Data – Lung Cancer Mortality in the Eastern United States

Data Sources and ASSEMBLY

We used county-level data from various publicly available sources, which were then compiled into an ArcGIS database. Geographic information systems (GIS) shapefiles of US counties and states were downloaded from ESRI and imported into ArcMap software (ESRI, 2018). Data on lung cancer mortality was gathered from the United States Center for Disease Control (CDC) WONDER database from the years 1999 to 2003, which were then averaged into five-year mortality rates for each county. Lung cancer data was specified as malignant neoplasms of bronchus and lung (CDC, 2017). Age-standardized total cigarette smoking prevalence data from 1999 was provided by Dwyer-Lindgren, Mokdad, Srebotnjak, Flaxman, Hansen and Murray (2014). Total smoking prevalence was defined as ‘daily’ and ‘non-daily’ smoking prevalence combined.
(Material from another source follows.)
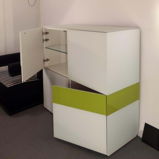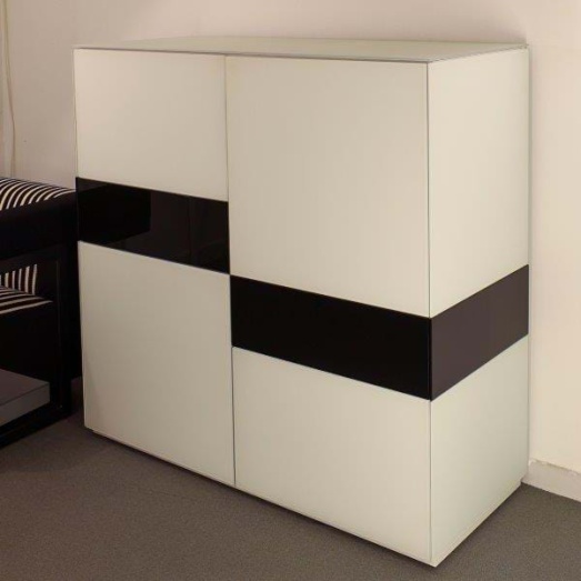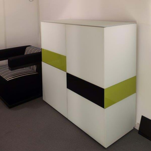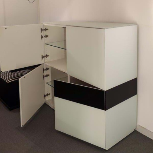 4 Türenschränke Lack weiß mit Wechseloption; 4 Glasböden4 Front-, Seitenblenden u.1 Abdeckplatte Glas matt weiß2 Front- u. Seitenblende in Lack hochglanz(gg. Aufpreis Farbwechsel)Breite 120cm, Tiefe 50cm, Höhe 120cm
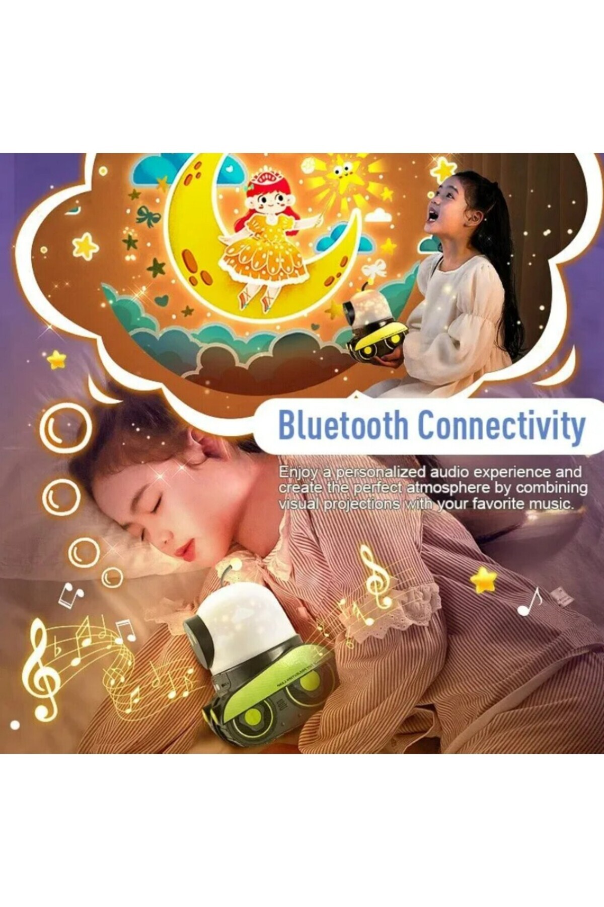 • Bluetooth müzik fonksiyonu :Bu çok yönlü lamba ayrıca çarpıcı projeksiyonların tadını çıkarırken en sevdiğiniz müziği çalmanıza izin veren bir bluetooth hoparlör içerir.

Air pollution data was compiled from every monitoring station controlled by the US Environmental Protection Agency (EPA) in the eastern United States. For the purposes of our analysis, the annual (1999) arithmetic mean value of atmospheric particulate matter with a diameter less than 2.5 micrometres (PM2.5) was used as a proxy for all air pollution (EPA, 2000). These points were interpolated to create an air pollution surface using inverse distance weighting, exceeding the study area boundaries where possible in order to reduce potential edge effects (Figure 2.1). Inverse distance weighting was selected because it provides the most accurate visualization of PM2.5 concentration distributions compared to alternative spatial interpolation methods (i.e. trend surface or ordinary kriging methods) (Zhang & Shen, 2015).

Figure 2.1:

County-level radon risk zones were also provided by the EPA (EPA, 2017). These zones depicted counties predicted to have average indoor radon concentrations greater than 4 picocuries per litre (pCi/L), 2 to 4 pCi/L, and less than 2 pCi/L. Note that Zone 1 is highest risk, while Zone 3 is lowest risk (Figure 2.2).

Figure 2.2:

Socioeconomic and demographic data was provided by the US Census Bureau (2000), including median household income (1997), county population (1999), population of racial groups (1999), number of households occupied by renters (2000), and population with a university degree (1990). Populations of numerous racial and ethnic groups were compiled into “non-white” and “white” classes, which were then converted into proportions by dividing by the total county population. Similarly, rented households and populations with a university degree were converted into proportions by dividing by the total number of households or total county population that is 25 years old and over, respectively.